I got to do a fun job today, did a job for wal-mart, in the auto bays, one of there retractable air supply hoses reel that secured to the beam 15 to 20 up above the bays had broken, had to remove it and replace it with an existing retractable air supply hose reel that was not in use from one of there empty bays, all tho it was an easy switch, it was fun, different then the normal service routine, only real plumbing involved was to solder up a couple of copper 90 for the connection, (yes I said copper not pex) , dealing with 150 psi air line, so no pex for that line.

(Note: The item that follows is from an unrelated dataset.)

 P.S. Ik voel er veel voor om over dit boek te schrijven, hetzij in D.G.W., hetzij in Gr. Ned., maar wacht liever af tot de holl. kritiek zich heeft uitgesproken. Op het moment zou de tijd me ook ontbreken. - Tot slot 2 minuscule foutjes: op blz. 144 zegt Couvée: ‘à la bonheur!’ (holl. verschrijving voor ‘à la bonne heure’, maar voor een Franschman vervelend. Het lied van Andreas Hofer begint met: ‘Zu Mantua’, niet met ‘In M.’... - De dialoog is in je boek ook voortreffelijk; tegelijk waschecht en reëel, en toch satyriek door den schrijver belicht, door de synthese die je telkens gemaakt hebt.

Any who, that was part of my day.:thumbsup:


----------



## KCplumber (Dec 31, 2009)

20' is a little high for this old man - I kinda prefer basements 

U didn't run into TM there did u?


----------



## Ron (Jun 12, 2008)

KCplumber said:


> U didn't run into TM there did u?


Not TM, but I did look down the plumbing isle looking for wet-head he was not there today. :laughing:


----------



## TheMaster (Jun 12, 2009)

I like a break from the normal also Ron. I like the Walmart service guys they are cool with me and they have a nice work facility.


----------



## Ron (Jun 12, 2008)

Yea wal-mart is in the news these days, lawsuit could go to the supreme court over unfair wage acts.


----------



## Optimus Primer (May 20, 2009)

I got you all beat. I drove my super around till noon because his drivers license had expired so he can't drive. And he has to wait another day or 2 waiting for his birth certificate before he can get it renewed. So it looks like I'll be doing it again at least tomorrow.


----------



## RealLivePlumber (Jun 22, 2008)

We welded some structural steel posts to upper and lower brackets today. 

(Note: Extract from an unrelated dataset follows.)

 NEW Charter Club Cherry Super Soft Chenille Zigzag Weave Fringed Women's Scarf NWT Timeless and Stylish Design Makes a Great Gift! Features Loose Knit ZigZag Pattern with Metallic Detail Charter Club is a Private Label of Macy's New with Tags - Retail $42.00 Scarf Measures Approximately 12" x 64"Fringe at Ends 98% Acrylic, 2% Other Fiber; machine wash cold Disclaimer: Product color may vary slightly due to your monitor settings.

It's a pool house, and the posts hold up a hip roof, on 6" x 14" PSL beams. The lower end of the posts were embedded in the footer, thru the slab, but whoever set them missed one corner by about a foot. :laughing:

For a gc I do a little work for. T & M job.whistling2 Sweet, cause I was freaking tripping over the framers all damn day.


----------



## ROCKSTARPLUMBER (Dec 14, 2008)

I went to walmart today, needed Ink cartridges for the printer. I saw a pregnant 14yr old. I caught myself wondering when the last time TM was in town.:laughing:


----------